Bei der Ratifizierung der Konvention hatte Deutschland gegen zwei Bestimmungen sogenannte Vorbehalte eingelegt. In den Bestimmungen ging es zum einen um Regeln zur aufenthaltsrechtlichen Situation von ausländischen Gewaltopfern und Vorgaben zur Geltung des nationalen Strafrechts bei im Ausland durch Ausländer*innen begangene Straftaten, die ihren gewöhnlichen Aufenthaltsort in Deutschland haben. Somit musste Deutschland diese beiden Artikel zunächst nicht umsetzen. Bei den Vorbehalten handelte es sich allerdings lediglich um kleine juristische Bedenken aufgrund des nationalen Strafrechts und nicht um größere inhaltliche Kritik. Die Bundesregierung erklärte im Oktober 2022 diese Vorbehalte für geklärt, womit sämtliche Bestimmungen der Istanbul-Konvention ab dem 1. Februar 2023 in Deutschland uneingeschränkt gelten. In anderen Ländern gab oder gibt es dagegen größere Kritik. In Ungarn beispielsweise lehnte das Parlament 2020 die Ratifizierung ab, bezeichnete die Istanbul-Konvention als „ideologisch“ und kritisierte unter anderem die Bestimmung, Menschen aufzunehmen, welche aufgrund ihrer sexuellen Orientierung oder ihres Geschlechts verfolgt werden. Die Türkei, welche zu den Erstunterzeichnern gehörte und als erstes Land das Übereinkommen zur Verhütung und Bekämpfung von Gewalt gegen Frauen und häuslicher Gewalt in ihre Gesetzgebung aufnahm, trat 2021 sogar wieder aus der Konvention aus. Machthaber Erdoğan begründete dies damit, dass die Bestimmungen die Ehe untergrabe und Frauen in der Türkei durch die nationalen Gesetze ausreichend geschützt sind. Dabei ist häusliche Gewalt in der Türkei ein flächendeckendes Problem und die Zahl der Femizide in dem autoritär geführten Staat besonders hoch.
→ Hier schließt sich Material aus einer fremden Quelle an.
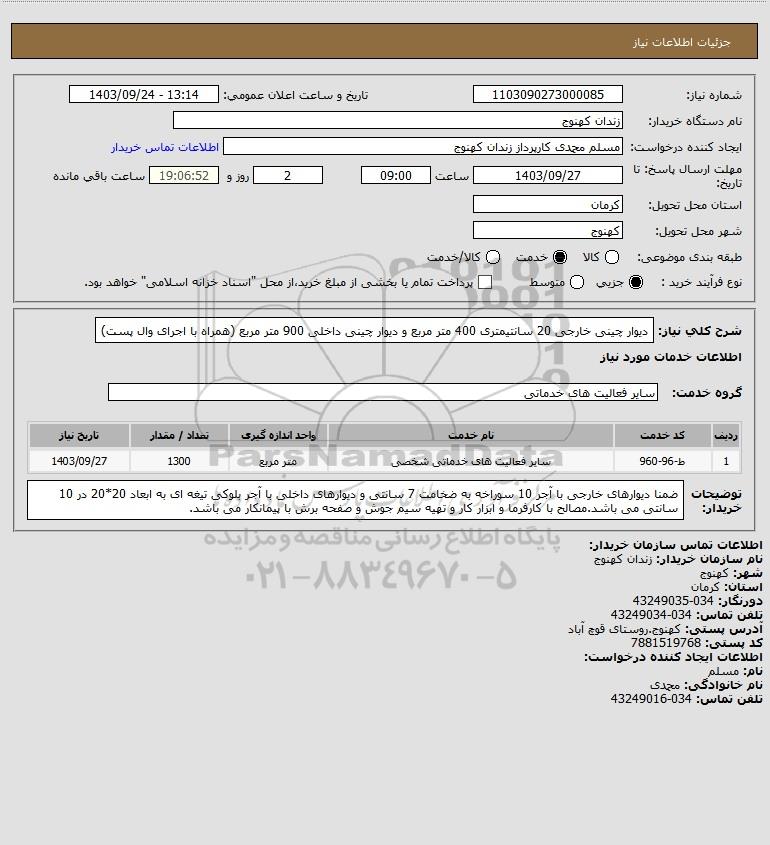 شرح کلی نیاز: دیوار چینی خارجی 20 سانتیمتری 400 متر مربع و دیوار چینی داخلی 900 متر مربع (همراه با اجرای وال پست)
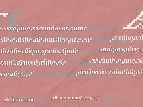 17 Ele terá que reconhecer como primogênito o filho da mulher que ele não prefere, dando-lhe porção dupla de tudo o que possui. Aquele filho é o primeiro sinal da força de seu pai e o direito do filho mais velho lhe pertence.
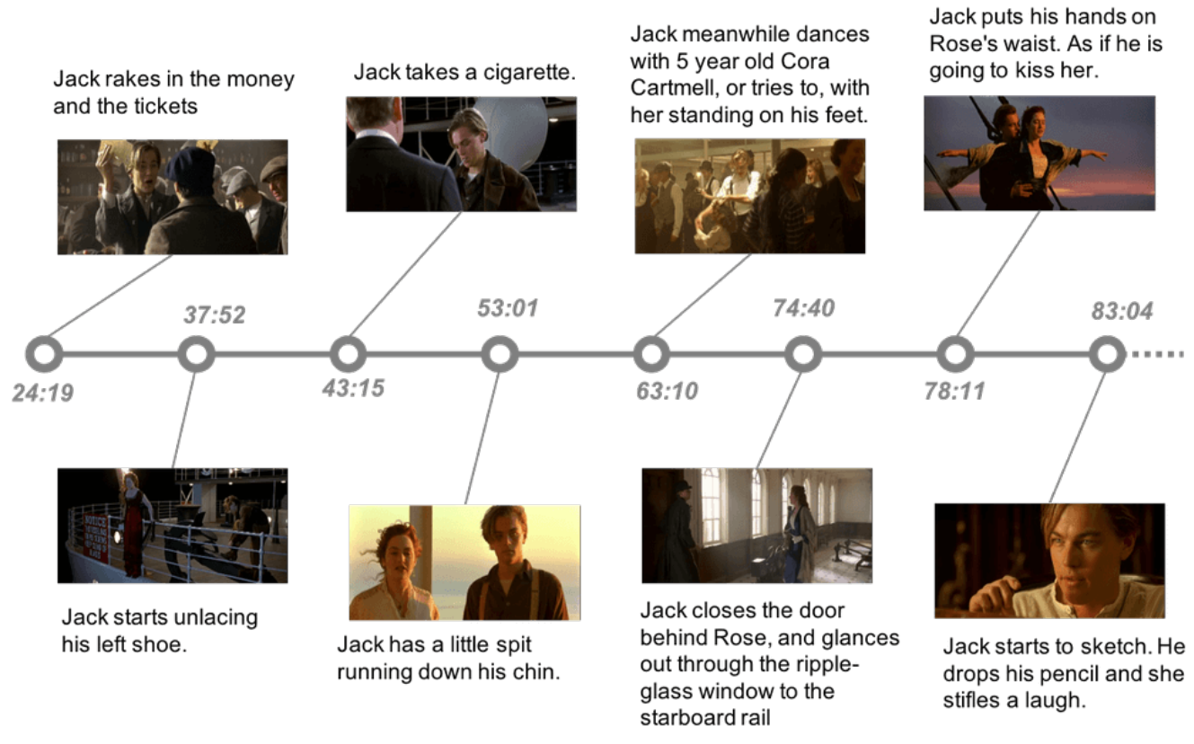 图 A10:剧本对齐的定性结果。该示例来自电影《泰坦尼克号》。每个带有时间戳的节点都与一个匹配的故事情节片段和一张快照图片相关联。
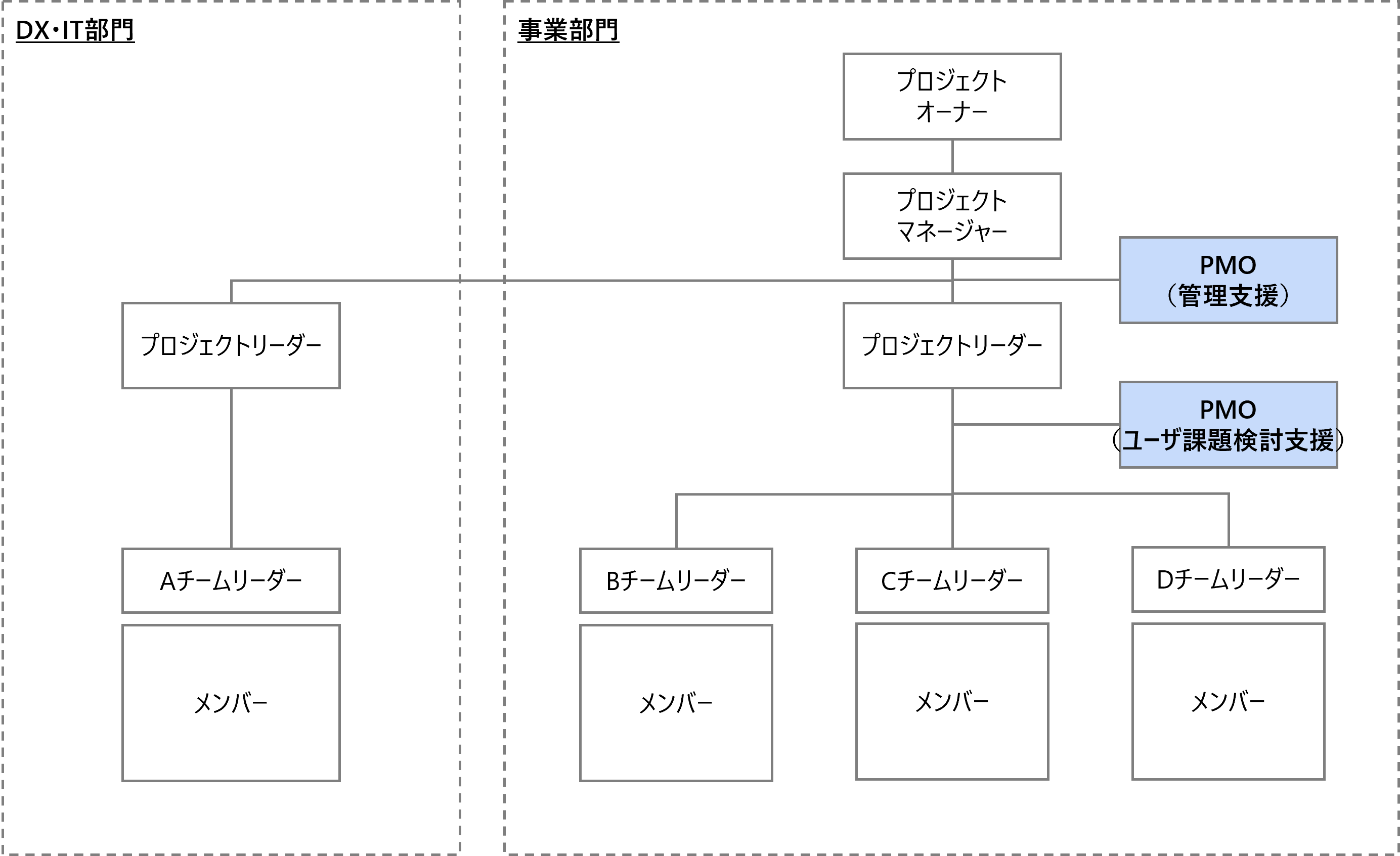 どちらの部門を支援するかによって、PMOの役割は異なります。事業部門・システムユーザーを支援するPMOがシステム開発ベンダーの進捗管理も担っているプロジェクトや、DX・IT部門を支援するPMOが業務要件の仮説出しや事業部門間の調整も担っているプロジェクトは、注意が必要です。
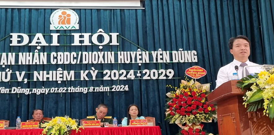 Hướng tới Đại hội Hội NNCĐDC/dioxin cấp huyện, cấp tỉnh, nhiệm kỳ 2024- 2029, Tỉnh hội Bắc Giang chọn Huyện hội Yên Dũng tổ chức Đại hội điểm sau đó rút kinh nghiệm, chỉ đạo tiến hành đại hội cấp huyện. Thường trực Tỉnh hội phối hợp với Huyện uỷ, UBND huyện Yên Dũng cùng Phòng Nội vụ huyện chỉ đạo trực tiếp và tạo điều kiện thuận lợi cho Hội huyện Yên Dũng làm điểm đại hội cấp huyện. Đồng thời Thường trực Tỉnh hội chỉ đạo Huyện hội Yên Dũng chuẩn bị mọi mặt về nội dung, chương trình, kịch bản… của Đại hội, báo cáo cấp ủy, chính quyền và Huyện hội sớm, kịp thời phê duyệt kế hoạch Đại hội. Ngày 1 và 2/8/2024, Huyện hội Yên Dũng tổ chức Đại hội điểm. Dự Đại hội có: Thường trực Tỉnh hội; ông Hoàng Văn Thanh, Chủ tịch UBND huyện Yên Dũng; Lãnh đạo Phòng Nội vụ, Phòng LĐ-TB&XH huyện, các tổ chức đoàn thể chính trị, xã hội, doanh nghiệp; thường trực các huyện, thị, thành Hội trong toàn tỉnh; lãnh đạo UBND xã, thị trấn trong huyện và 90 đại biểu thay mặt cho hội viên toàn huyện.
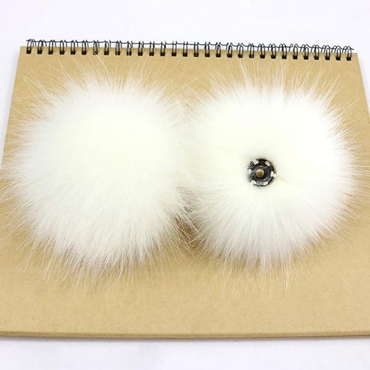 Pompon fausse fourrure de 13 cm avec bouton pression
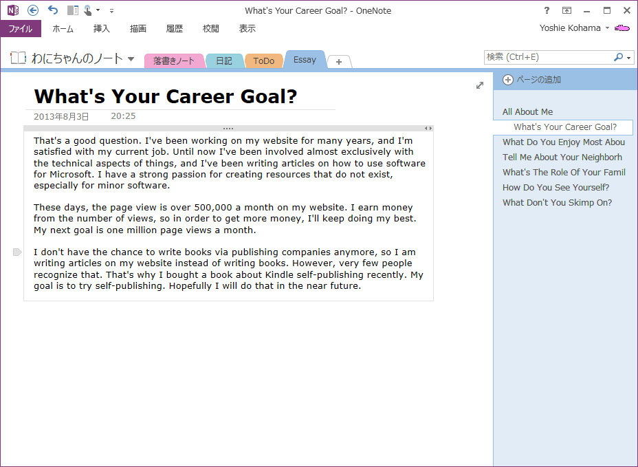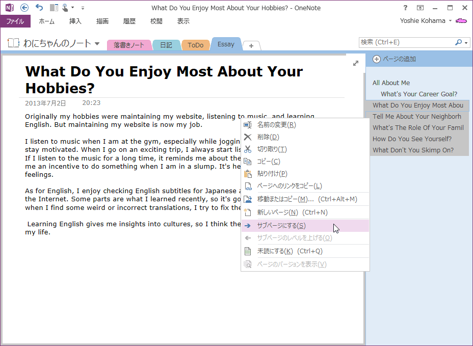 OneNote 2013でサブページにしたいページタブを右クリックして、ショートカットメニューより[サブページにする]を選択します。なお、複数のページをまとめてサブページにすることも可能です。
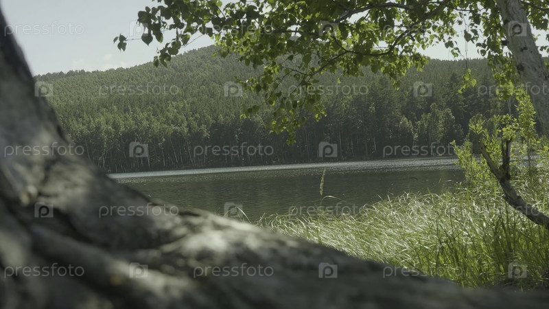 Прекрасный вид на большие зеленые деревья на озере за пределами города
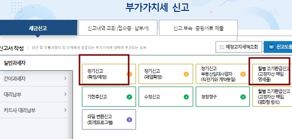 개인사업자는 부가가치세법 제48조에 의거 조기환급(영세율 및 시설투자환급)인 경우에만 예정신고할 수 있다.
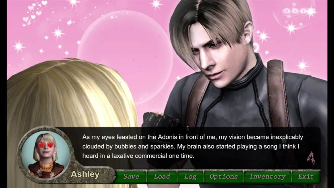 艾什莉眼中与里昂初遇时的场景,满眼都是少女粉红

In Deutschland kommt Kritik zu den Bestimmungen der Istanbul-Konvention lediglich vom äußersten rechten Rand des politischen Spektrums. Bei der Umsetzung aber gibt es teilweise immer wieder Probleme. Eine Expertengruppe des Europarates kritisierte unter anderen, dass es hier an ausreichend geschulten Polizist*innen, Richter*innen und Ärzt*innen fehlt. Die Situation innerhalb Deutschlands ist dabei unterschiedlich, besonders aber im ländlichen Raum fehlt es an geeigneten Anlaufstellen und Einrichtungen. Und doch sorgt die Istanbul-Konvention dafür, dass sich die Länder und Kreise mit der Thematik beschäftigen müssen. So hat z.B. Sachsen das Hilfsangebot für Opfer von häuslicher Gewalt erweitert, im Doppelhaushalt 2023/2024 ein Rekord-Etat für den Gewaltschutz beschlossen und konkretere Maßnahmen zur Prävention in Aussicht gestellt. Und doch, bis sämtliche Bestimmungen der Istanbul-Konvention auch in Deutschland in der Praxis erfüllt werden, ist es noch ein langer Weg.